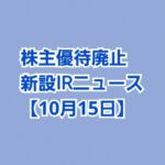 新着記事→優待廃止2社・新設1社 IRニュース【10月15日】
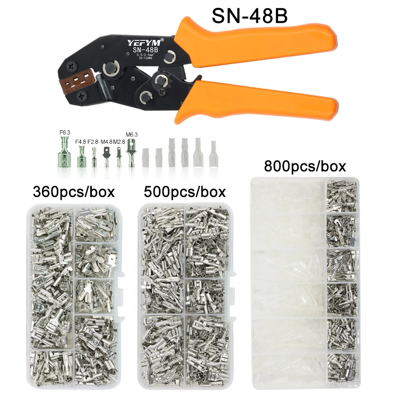 SN-48B обжимные плоскогубцы 0,5-2, 5 кв. Мм, высокоточные губки с язычком 2,8 4,8 6.3 автомобильные клеммы набора проводных электрических ручных инструментов
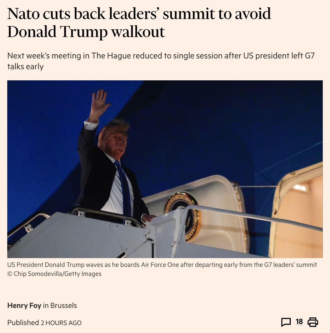 Через Трамп саміт НАТО наступного тижня скоротили до однієї робочої сесії тривалістю дві з половиною години, щоб президент США знову не виїхав достроково. Світові лідери зустрінуться у Гаазі в рамках саміту Альянсу у середу, а Зеленський візьме участь у вечері у вівторок увечері.
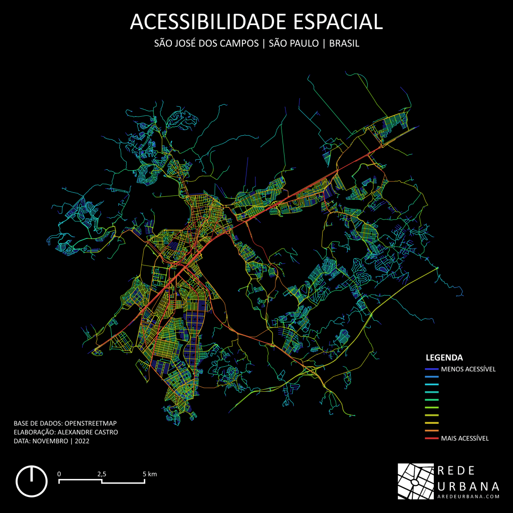 Estas medidas podem ser obtidas a partir da Sintaxe Espacial e da Análise Angular de Segmentos. A imagem abaixo mostra a acessibilidade espacial em escala urbana, ou seja, a facilidade de alcançar ou atravessar um ponto da cidade para outro.
= = = = =
Write out exactly the lines from the line containing "Через Трамп саміт" through the last line of the listing above, please, and leave out any pictures.

* EXERCISE ANSWER:
 Через Трамп саміт НАТО наступного тижня скоротили до однієї робочої сесії тривалістю дві з половиною години, щоб президент США знову не виїхав достроково. Світові лідери зустрінуться у Гаазі в рамках саміту Альянсу у середу, а Зеленський візьме участь у вечері у вівторок увечері.
 Estas medidas podem ser obtidas a partir da Sintaxe Espacial e da Análise Angular de Segmentos. A imagem abaixo mostra a acessibilidade espacial em escala urbana, ou seja, a facilidade de alcançar ou atravessar um ponto da cidade para outro.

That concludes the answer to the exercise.